### WORK REQUIRED
Give again, word for word, every line in the entries below from the line with "Zu lange hängt" up to and including the line with "Juego interactivo para", and no other line.

### LISTED ENTRIES

=== Section Start ===

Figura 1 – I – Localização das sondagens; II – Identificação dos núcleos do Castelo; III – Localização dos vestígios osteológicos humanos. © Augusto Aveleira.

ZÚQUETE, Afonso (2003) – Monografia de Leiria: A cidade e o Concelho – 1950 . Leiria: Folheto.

=== Section End ===
=== Section Start ===

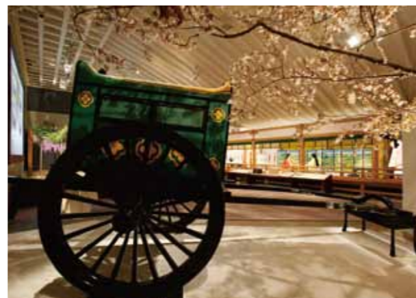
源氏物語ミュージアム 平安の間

=== Section End ===
=== Section Start ===

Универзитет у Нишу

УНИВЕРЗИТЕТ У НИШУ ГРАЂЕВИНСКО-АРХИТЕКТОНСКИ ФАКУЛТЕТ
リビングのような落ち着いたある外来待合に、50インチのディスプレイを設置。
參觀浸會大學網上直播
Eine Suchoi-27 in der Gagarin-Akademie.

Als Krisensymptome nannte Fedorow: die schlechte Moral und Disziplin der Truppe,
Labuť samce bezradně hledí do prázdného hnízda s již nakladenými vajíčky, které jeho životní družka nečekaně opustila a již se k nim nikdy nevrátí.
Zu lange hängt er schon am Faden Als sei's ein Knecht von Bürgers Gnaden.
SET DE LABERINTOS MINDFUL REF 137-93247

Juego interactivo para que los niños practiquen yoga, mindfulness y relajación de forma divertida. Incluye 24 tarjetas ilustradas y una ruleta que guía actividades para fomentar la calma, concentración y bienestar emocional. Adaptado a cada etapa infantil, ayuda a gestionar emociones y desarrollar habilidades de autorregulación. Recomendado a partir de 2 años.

=== Section End ===

### OUTPUT FOR THIS EXERCISE
Zu lange hängt er schon am Faden Als sei's ein Knecht von Bürgers Gnaden.
SET DE LABERINTOS MINDFUL REF 137-93247

Juego interactivo para que los niños practiquen yoga, mindfulness y relajación de forma divertida. Incluye 24 tarjetas ilustradas y una ruleta que guía actividades para fomentar la calma, concentración y bienestar emocional. Adaptado a cada etapa infantil, ayuda a gestionar emociones y desarrollar habilidades de autorregulación. Recomendado a partir de 2 años.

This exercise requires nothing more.